Start with what the website needs to do, then work backward to a budget. A plumber who needs calls and a booking form has different needs than a boutique selling 200 products online. Matching the build to the goal is how you avoid both overpaying and underbuilding.
A few practical questions to guide the decision:
- What is the site's main job? Get calls, take bookings, sell products, or build trust.
- How much of the work can you do yourself? Writing copy and gathering photos saves real money.
- Do you want to own it or have it managed? This points you toward upfront or monthly.
- What is the cost of not being found? If customers search before they buy, cutting corners on SEO is expensive.

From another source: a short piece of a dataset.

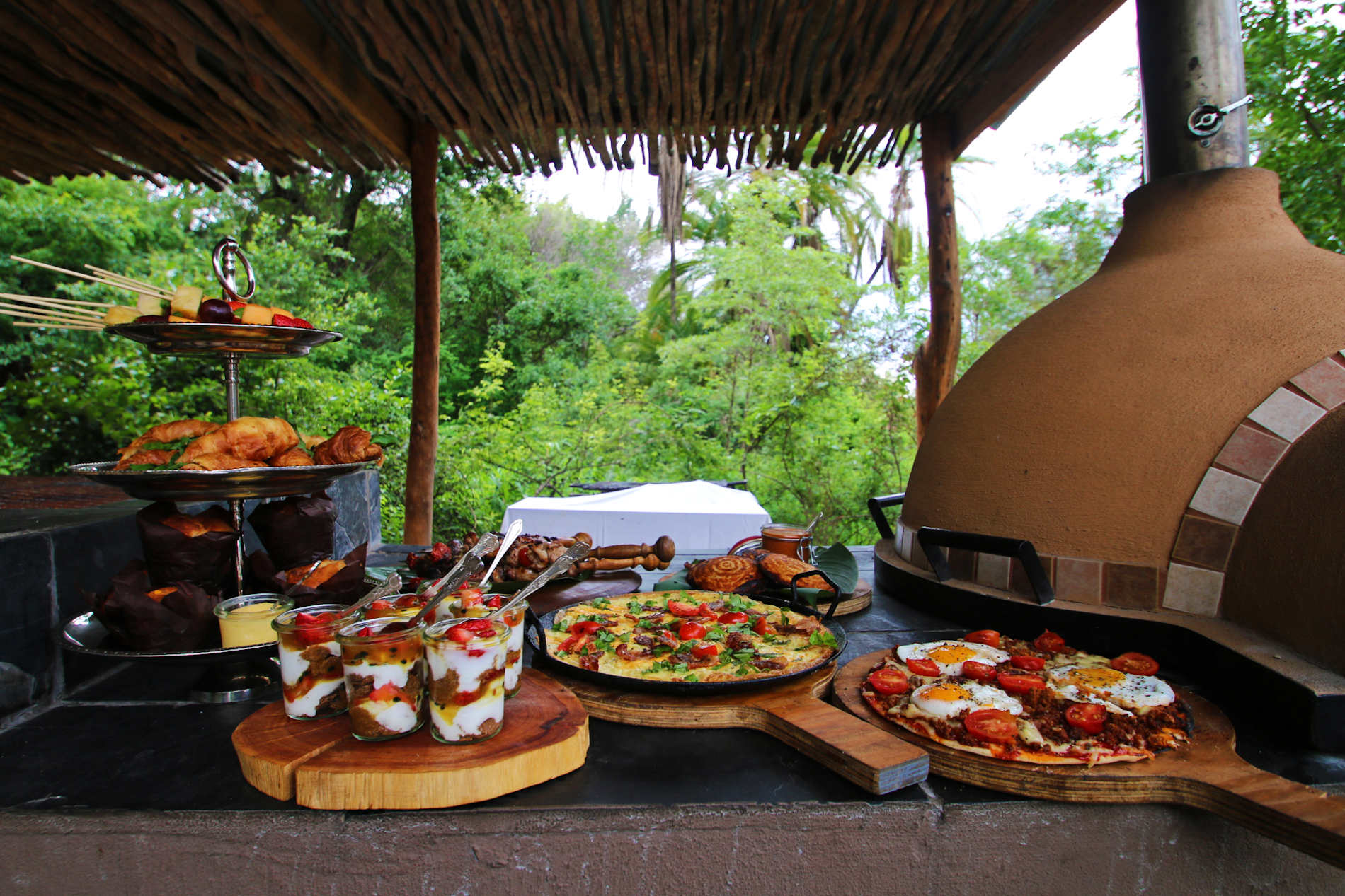 In einer attraktiven Struktur aus Holz und Stroh befindet sich die charmante Lounge mit Sitzgelegenheiten aus Leder und Wildleder, Sitzsäcken und sogar Schaukelsitzen um Kaffee- und Beistelltische. Dieser Bereich wird teilweise durch eine auffällige Wand mit einem gemütlichen Kamin geteilt. Das Restaurant der Lodge grenzt an die Lounge und ist mit separaten Tischen und Stühlen ausgestattet, an denen leckere Mahlzeiten serviert werden, begleitet von Getränken aus der gut bestückten Bar. Diese Räume gehen auf geräumige Decks hinaus, die zusätzliche Lounge- und Essmöbel sowie einen herrlichen Blick auf den Fluss bieten! An einer Seite des Hauptgebäudes befindet sich die Feuerstelle, an der sich die Gäste treffen, um ihre Erfahrungen auszutauschen. Und am äußersten Rand des Flussufers befindet sich ein Swimmingpool, in dem Sie sich abkühlen und die schönsten Ausblicke auf das Wasser genießen können.

Get two or three quotes, and make sure each one lists exactly what is included: design, number of pages, copywriting, SEO, and support. The cheapest quote is not a bargain if it leaves out half the work.
Frequently asked questions
How much does a small business website cost per month?
It depends on the model. A DIY platform runs about $15 to $50 per month. Managed agency support can be a few hundred. Some agencies offer flat plans, such as a free build with a $50 monthly fee that covers hosting, updates, and small changes for local businesses.
Why do website quotes vary so much?
Because a website is a custom service, not a fixed product. Design complexity, number of pages, features like booking or e-commerce, copywriting, and SEO all change the price. Two quotes can differ because one includes custom design and support while the other is a basic template with no ongoing help.
Is a cheap website worth it?
Sometimes. A cheap DIY site is fine for a brand-new business testing an idea. The risk is that low-cost sites often skip SEO, custom design, and support, so they may not attract customers. Cheap is a bargain only when it still does the job you actually need done.
How much does a website cost in Montreal specifically?
Montreal pricing tracks the general ranges: DIY under $500, freelancers around $1,000 to $5,000, and agencies roughly $5,000 to $20,000. Bilingual sites and local SEO can add cost. Always confirm whether French and English versions and ongoing maintenance are included in the quote.